The incident is a combination of multiple events over multiples days:

• Networking switch incident in Teraswitch data center.
• CopyFail kernel security patch and subsequent host reboot.
• DNS Server misconfiguration in Teraswitch data center.
• Missed proposal caused by increased delays.

Networking Switch Incident

During the night of the 2026/05/01, the cloud provider had a hardware issue and changed the switch of the server geth-06 that ran some of the validators.
During the switch replacement, the Technical team misconfigured the internal DNS.

CopyFail Kernel Security Patch

The CVE 2026-31431 - also know as CopyFail - was detected at the end of April and patched in the Linux Kernel on the 29/04/2026. This security vulnerability allowed a user to gain administration privileges.
The fix this security issue, the kernel of the server has to be upgraded and the host restarted.
After fixing the most exposed servers of our infrastructure, it was decided to deploy the patch on the Validators fleet.
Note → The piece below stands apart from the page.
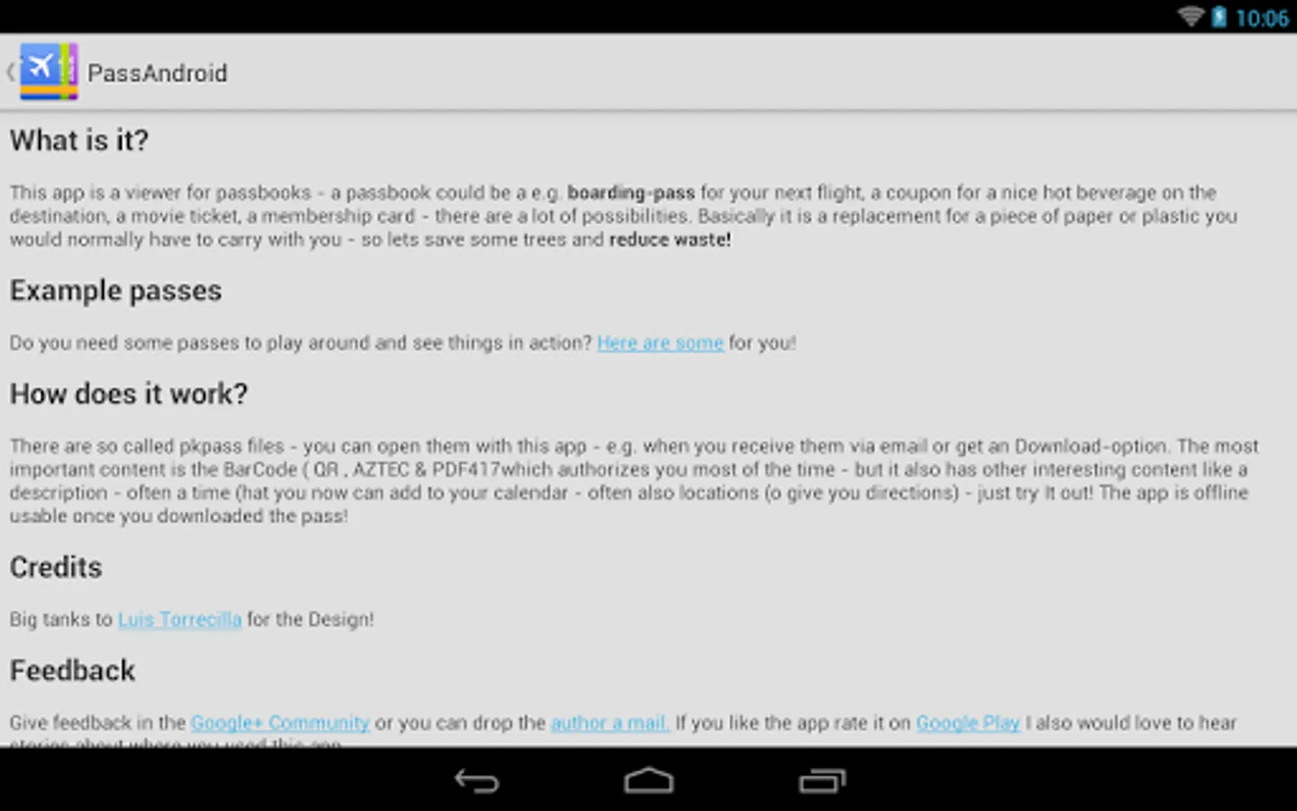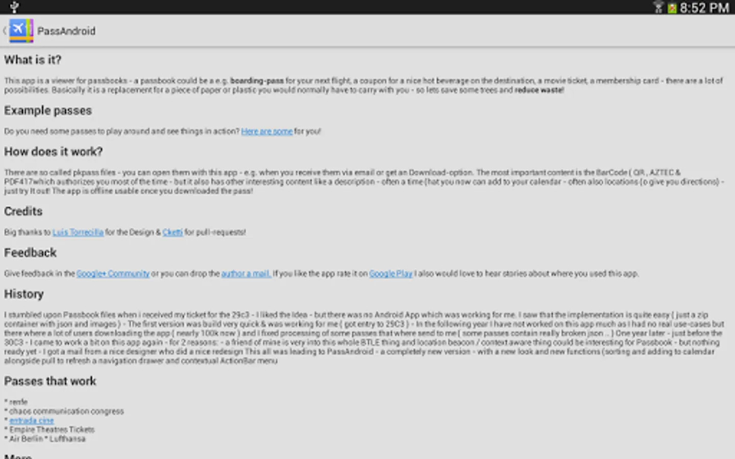I stumbled upon Passbook files when i received my ticket for the 29c3 - I liked the Idea - but there was no Android App which was working for me. I saw that the implementation is quite easy ( just a zip container with json and images ) - The first version was build very quick & was working for me ( got entry to 29C3 ) - In the following year I have not worked on this app much as I had no real use-cases but there where a lot of users downloading the app and I fixed processing of some passes that where send to me ( some passes contain really broken json .. )

Each host was restarted sequentially to reduce missed attestations.

DNS server misconfiguration

After the restart, the hosts geth-06 and node-06 started to exhibit high delay in the block attestation and missing attestations.

Our layout of Ethereum nodes in the fleet uses servers in pairs to provide redundancy at the level of the BN:

image1844×564 34.6 KB

Because VCs on geth-06 and node-06 nodes are linked to both BNs the DNS resolution delays on geth-06 affected metrics of both BNs.
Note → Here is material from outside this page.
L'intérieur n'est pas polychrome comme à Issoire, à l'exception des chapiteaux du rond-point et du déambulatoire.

The DevOps team identified four separate issues which together caused the problem:

1. The cloud provider DNS misconfiguration that included an unreachable DNS server.
2. Sequential nature of libc DNS resolving used by Nimbus client which would get gets stuck on bad server.
3. Unexpected lower priority of /etc/hosts file in Name Service Switch configuration.
4. Usage of DNS entries for BN and Signer in VC config even for local ones.
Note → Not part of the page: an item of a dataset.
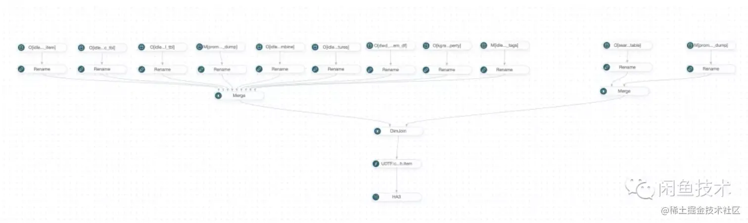 蓝色部分表示HA3在线服务,提供在线召回商品服务;绿色部分表示引擎数据源聚合(离线dump)逻辑,将商品信息构建成对应的引擎数据源。下图为一个离线引擎dump的数据源图示例:

Initially the faulty cloud provider DNS server was removed manually from the hosts configuration which provided full recovery.
In second step activation of systemd-resolved on the host intended to address the 4th issue undid the manual DNS sever removal.

image3216×861 182 KB

The DNS removal happened around 07:10 which quickly resulted in a notable drop in the attestation delay, but then some re-appeared after systemd-resolved enabling.
The situation started to stabilise and the DevOps team continued to investigate while the attestation delay was settling down.

Missed proposal

At 14:22 UTC, one validator missed a proposal slot due to delay in network submission.

As a temporary measure the loopback interface IP address was used in VC configuration to mitigate any impact of DNS issues. This resulted in return to low attestation delays and confirmed DNS as the cause of the issue.

By replacing all DNS entries(including localhost) with IP addresses in all service config the delay stopped completely, confirming DNS was the root cause.

The permanent solution was to make /etc/hosts to be first in libc resolving priority by modify the host Name Service Switch configuration. The use of systemd-resolved was kept for record caching.

 > grep hosts: /etc/nsswitch.conf
hosts:     files mymachines myhostname resolve [!UNAVAIL=return] dns

Conclusions

Key lessons are:

• Order of DNS servers in /etc/resolv.conf matters since libc querying is sequential.
• Priority of /etc/hosts is not the default on all systems and shouldn’t be assumed to be.
• Using 127.0.0.1 instead of localhost is safer since it avoids DNS resoution entirely.
• Nimbus VC behavior of querying DNS at every request exacerbates impact of DNS issues.
• Monitoring of DNS server availability can help detect hard to debug issues easier.

The issue has been resolved but additional DNS availability checks will be implemented.